Dabei stellte die Streife jedoch das Fehlen des Postenführers Unteroffizier [Name 1, Vorname], geboren [Tag, Monat] 1946, NVA seit 4.5.1965 (Soldat auf Zeit), Dienststellung Gruppenführer, ledig und des Postens Soldat [Name 2, Vorname], geboren [Tag, Monat] 1944, NVA seit 4.5.1965, ledig, fest.
Auf dem Postenturm befanden sich lediglich das LMG mit der dazugehörigen Munition, das Dienstbuch des [Name 1] sowie einige Ausrüstungsgegenstände der beiden Grenzposten.
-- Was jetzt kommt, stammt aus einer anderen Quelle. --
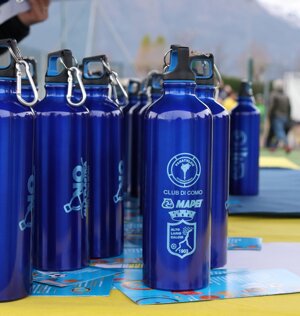 7 giugno – In un pomeriggio baciato dal sole nel campo della Cittadella di Via Frigerio, occupato da decine e decine di piccoli atleti e dei loro istruttori, il Panathlon Como è arrivato per la consegna delle borracce personalizzate che la Mapei, col suo sostegno, permette di realizzare.

Weiter wurde festgestellt, dass die Tür in der Sichtblende an der Eberswalder Straße in Richtung Westberlin aufgebrochen war. Die sofort eingeleitete Überprüfung ergab, dass die Posten nach Passieren der Tür in der Sichtblende die pioniertechnischen Anlagen überwunden hatten und nach Westberlin fahnenflüchtig geworden waren. (Die Tür der Sichtblende dient zum Passieren bei Kontrollen der Kanalisation, deren Einstig hinter der Sichtblende liegt.)
Durch die Nachbarposten war keine Einsicht in den Postenbereich Eberswalder Straße möglich, sodass die Fahnenflucht von diesen nicht bemerkt und verhindert werden konnte. Bei der Überprüfung wurden in den pioniertechnischen Anlagen die MPi und das gefüllte Magazin eines der beiden Fahnenflüchtigen aufgefunden.
Zur Person
Unteroffizier [Name 1] stammt aus einer Arbeiterfamilie. Vor seiner Einberufung arbeitete er als Tischler in einer PGH. Vom 1. bis 30.9.1965 besuchte er einen Unteroffiziers-Lehrgang. Durch die Kompanieleitung wurde [Name 1] positiv eingeschätzt. Bei der Spindkontrolle nach der Fahnenflucht wurden neben Briefschaften auch Westerzeugnisse (Creme, Rasierklingen) aufgefunden.
[Name 2] stammt ebenfalls aus einer Arbeiterfamilie. Er erlernte den Beruf eines Elektromontageschlossers und war vor seinem Eintritt in die NVA bei der Reichsbahn beschäftigt. [Name 2] zeigte wenig Interesse am politischen Geschehen, trat aber auch nicht negativ in Erscheinung. Disziplin und Ordnung waren nicht immer einwandfrei. Bei einer Spindkontrolle wurden eine Schweizer Adresse und 20,00 Westmark vorgefunden und sichergestellt.
Weitere Untersuchungen der Ursachen sowie der näheren Zusammenhänge der Fahnenflucht werden durch das MfS geführt.